In a parallel development, Ahmad al-Jarba, the leader of Syria's Tomorrow Movement, a political organization, and head of its militant wing, the Syrian Elite Forces (SEF), visited Turkey for negotiations and met Iraqi Kurdish security chief, Masrour Barzani. Jarba originates from the Shammar tribe, a clan closely connected to the UAE and Saudi Arabia. He also has friendly relations with the Barzani family and is consistent in his contacts with Russia. The SEF, which has repeatedly clashed with the SDF, opened its offices to recruit new members and published requirements for the servicemen.
According to media reports, the SEF, supported by regional actors, is able to control the border together with Rojava peshmerga, which has contacts with the Democratic Union Party and Syria’s Kurdish National Council. Some reports claim that SEF troops may also be deployed along the Syrian-Turkish border to prevent or minimize the consequences of Ankara’s new operation. However, no matter the outcome of these talks, Jarba’s political authority grows.

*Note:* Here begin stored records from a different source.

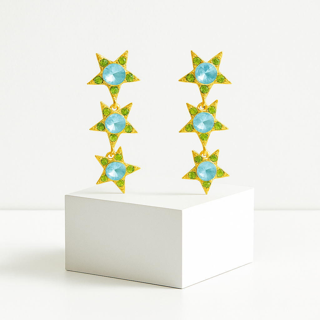 Üç kademeli yıldız formu, merkezde buz mavisi kristallerle ışığı yakalar; çevresini saran lime yeşili taşlar ise tasarıma canlı bir enerji katar. Altın kaplama hafif gövde, ince bağlantılar sayesinde her adımda ritmik bir salınım yaratır. Gündüz sade bir gömlekle ferah bir vurgu, gece saten elbiseyle ışığı sahneye taşır. Bu parça, taze kontrastıyla stiline anında premium bir dokunuş ekler.
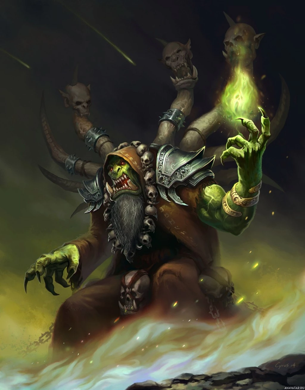 dark magic or ritualistic activity, which aligns with the character's depiction as a mystic or sorcerer.
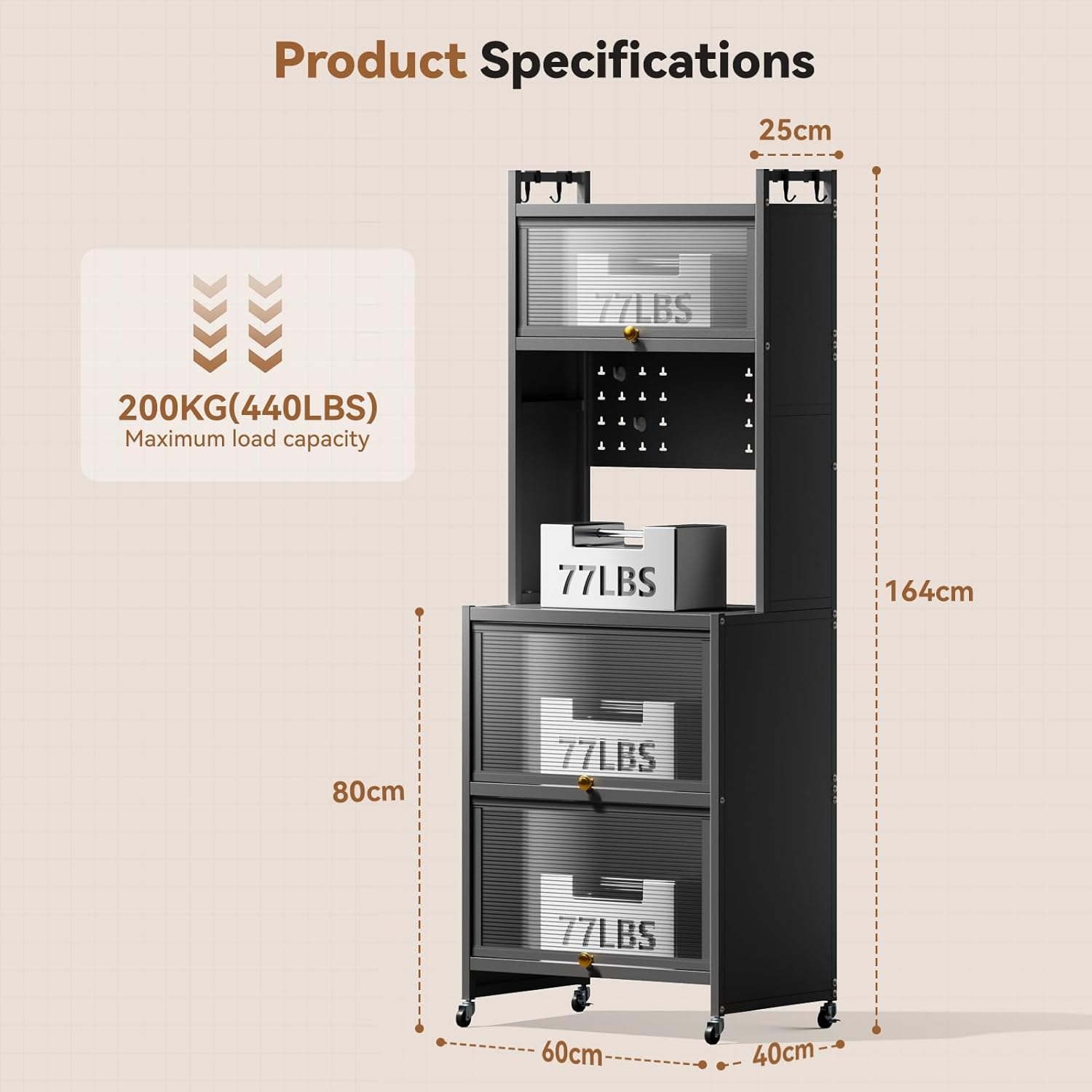 Keep your kitchen tidy and stylish with the Cecil Kitchen Storage Pantry Trolleys in Black, a modern and functional storage solution that combines industrial style with high practicality. Designed with 5 spacious tiers, this freestanding storage trolley offers generous space for kitchenware, pantry items, or decorative pieces. The middle section perfectly fits appliances like a microwave or coffee maker, with a convenient back gap for cable management — keeping your setup neat and clutter-free.
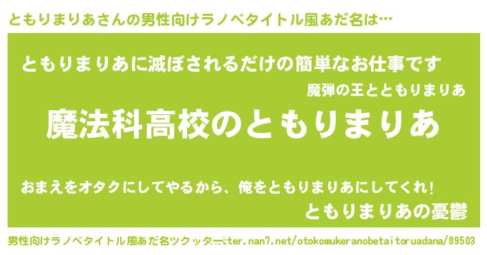 | 女子向けラノベタイトル風あだ名 | 『ともりまりあなんてお断りですっ。』 |

He is supported across the region, although it has been repeatedly mentioned that military officials of Assad’s regime are highly skeptical of the SEF leader.
Eastern Syria, therefore, is currently an equation with numerous variables, where every actor aims to avoid getting stuck in the conflict but seeks to promote its own scenario, regardless of its tactical obligations to its allies. In this regard, the US departure from Syria is likely to become a fruitful measure by, first, allowing Washington to avoid the need to protect the SDF alliance that is crumbling due to the Kurdish-Arab controversy. Second, in this turn of events, the United States will retain its referee status if it continues to supervise the processes around Syria, fight IS and restrain Iranian influence, using facilities in Jordan and Iraq constructed specifically for these purposes. Russia, in turn, will also seek to establish itself as a mediator despite its clear bias and inability — bordering on unwillingness — to restrain Iranian influence.